In addition to p38α and TGFβ2, the composition of the ECM has the potential to determine proliferation and dormancy. Adhesion to the ECM initiates intracellular signaling pathways that can increase cell cycle progression, motility, survival, and other metastatic phenotypes of tumor cells. For example, downregulation of the urokinase receptor in squamous cell carcinoma (HEp3) inactivates α5β1-integrins [46]. Subsequently, focal adhesion kinase (FAK) signaling is inhibited owing to the cells inability to bind to fibronectin. This results in dormancy of cancer cells. Conversely, dormancy to proliferative response in a fibrotic environment requires collagen-I mediated integrin β1 signaling, which requires activation of Src and FAK to phosphorylate myosin light chain kinase in an ERK dependent manner [47]. Clearly cytoskeletal rearrangement and ECM composition are critical in determining whether tumor cells will remain dormant or metastasize. Thus, inhibiting the growth promoting changes in an ECM-associated microenvironment may help prevent relapse.

EMT and cancer advancement

The EMT program is now known to facilitate the metastatic spread and progression of cancer cells from the site of the primary tumor to the surrounding tissues and distant organ(s).

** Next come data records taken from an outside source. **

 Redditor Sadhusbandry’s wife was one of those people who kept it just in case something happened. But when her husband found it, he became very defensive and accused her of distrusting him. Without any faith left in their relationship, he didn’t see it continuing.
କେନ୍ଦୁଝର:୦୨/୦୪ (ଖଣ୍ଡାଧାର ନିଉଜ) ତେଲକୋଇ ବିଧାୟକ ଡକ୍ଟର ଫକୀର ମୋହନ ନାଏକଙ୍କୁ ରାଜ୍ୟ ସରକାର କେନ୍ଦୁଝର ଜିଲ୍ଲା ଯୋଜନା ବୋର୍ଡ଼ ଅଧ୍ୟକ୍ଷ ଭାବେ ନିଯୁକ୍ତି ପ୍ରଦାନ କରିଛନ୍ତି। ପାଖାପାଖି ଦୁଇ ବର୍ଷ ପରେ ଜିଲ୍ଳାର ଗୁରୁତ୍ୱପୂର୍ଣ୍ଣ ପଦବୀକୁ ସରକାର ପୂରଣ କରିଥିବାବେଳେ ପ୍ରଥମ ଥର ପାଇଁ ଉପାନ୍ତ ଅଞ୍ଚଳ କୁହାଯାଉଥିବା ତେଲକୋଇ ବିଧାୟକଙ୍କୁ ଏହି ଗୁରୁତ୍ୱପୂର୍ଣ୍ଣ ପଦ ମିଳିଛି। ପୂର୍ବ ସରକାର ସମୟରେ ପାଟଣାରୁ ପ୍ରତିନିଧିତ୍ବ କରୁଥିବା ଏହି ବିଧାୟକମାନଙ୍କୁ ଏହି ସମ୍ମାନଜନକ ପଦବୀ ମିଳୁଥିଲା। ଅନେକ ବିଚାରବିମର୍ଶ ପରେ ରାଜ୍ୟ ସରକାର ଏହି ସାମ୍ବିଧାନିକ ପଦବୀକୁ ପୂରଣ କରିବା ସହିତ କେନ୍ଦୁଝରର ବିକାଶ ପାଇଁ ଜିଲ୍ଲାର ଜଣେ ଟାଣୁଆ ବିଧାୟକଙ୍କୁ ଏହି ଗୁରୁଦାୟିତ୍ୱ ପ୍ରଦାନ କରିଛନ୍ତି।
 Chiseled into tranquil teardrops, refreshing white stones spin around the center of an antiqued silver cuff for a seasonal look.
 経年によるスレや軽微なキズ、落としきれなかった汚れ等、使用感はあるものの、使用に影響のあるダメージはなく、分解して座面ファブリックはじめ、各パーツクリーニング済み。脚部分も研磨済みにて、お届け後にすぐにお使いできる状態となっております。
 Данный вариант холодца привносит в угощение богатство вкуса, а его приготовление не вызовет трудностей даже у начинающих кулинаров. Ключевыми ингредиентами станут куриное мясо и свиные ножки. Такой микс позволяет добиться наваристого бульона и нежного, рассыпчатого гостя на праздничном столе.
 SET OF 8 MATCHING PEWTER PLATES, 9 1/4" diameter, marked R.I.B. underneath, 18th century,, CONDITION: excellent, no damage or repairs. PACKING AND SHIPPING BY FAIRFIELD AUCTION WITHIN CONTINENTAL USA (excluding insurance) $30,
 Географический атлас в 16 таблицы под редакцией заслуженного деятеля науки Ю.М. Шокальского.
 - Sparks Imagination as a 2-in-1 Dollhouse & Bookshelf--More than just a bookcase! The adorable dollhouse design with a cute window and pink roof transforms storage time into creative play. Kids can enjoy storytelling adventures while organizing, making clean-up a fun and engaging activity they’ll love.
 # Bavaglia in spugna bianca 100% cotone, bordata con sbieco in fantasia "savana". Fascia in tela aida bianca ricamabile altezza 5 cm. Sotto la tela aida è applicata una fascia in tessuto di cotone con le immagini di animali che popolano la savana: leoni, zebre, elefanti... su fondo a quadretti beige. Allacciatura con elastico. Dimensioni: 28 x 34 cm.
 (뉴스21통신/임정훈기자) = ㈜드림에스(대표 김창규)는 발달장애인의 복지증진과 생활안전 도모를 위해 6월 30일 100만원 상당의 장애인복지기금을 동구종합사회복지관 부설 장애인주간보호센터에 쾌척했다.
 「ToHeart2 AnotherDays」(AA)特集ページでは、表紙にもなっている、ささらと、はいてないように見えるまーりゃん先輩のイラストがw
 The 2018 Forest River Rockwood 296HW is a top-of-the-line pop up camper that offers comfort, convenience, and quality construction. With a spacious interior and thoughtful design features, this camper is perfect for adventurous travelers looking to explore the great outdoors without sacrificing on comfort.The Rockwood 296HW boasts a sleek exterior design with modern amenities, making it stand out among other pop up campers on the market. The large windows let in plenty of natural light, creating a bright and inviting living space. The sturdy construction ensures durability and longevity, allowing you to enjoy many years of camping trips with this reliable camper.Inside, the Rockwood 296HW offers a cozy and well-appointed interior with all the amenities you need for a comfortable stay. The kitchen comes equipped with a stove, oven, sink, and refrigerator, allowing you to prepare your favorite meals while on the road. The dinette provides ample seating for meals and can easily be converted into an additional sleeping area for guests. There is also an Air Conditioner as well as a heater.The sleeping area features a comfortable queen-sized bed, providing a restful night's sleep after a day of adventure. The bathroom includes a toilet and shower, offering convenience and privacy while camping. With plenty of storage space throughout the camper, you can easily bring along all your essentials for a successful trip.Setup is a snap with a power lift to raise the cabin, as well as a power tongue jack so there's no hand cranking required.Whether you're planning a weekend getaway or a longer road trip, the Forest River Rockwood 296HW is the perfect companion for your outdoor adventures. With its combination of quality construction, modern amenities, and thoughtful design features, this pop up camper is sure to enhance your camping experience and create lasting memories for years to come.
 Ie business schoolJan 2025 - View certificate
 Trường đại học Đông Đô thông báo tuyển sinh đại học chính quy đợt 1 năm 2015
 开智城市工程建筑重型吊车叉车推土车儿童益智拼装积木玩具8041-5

The identification and biological characterization of the EMT inducing transcription factors Snail, Slug and Twist showed the cascade of the tissue remodeling process of epithelial tumors [48, 49]. Overexpression of these EMT signatures changes the polarity of epithelial cells such that they acquire the morphological and biochemical traits of mesenchymal cells. Numerous genes linked with EMT, evidence that this program is essential for tumor cells to circumvent apoptosis, anoikis, oncogene addiction, and cellular senescence and to escape immune surveillance [50].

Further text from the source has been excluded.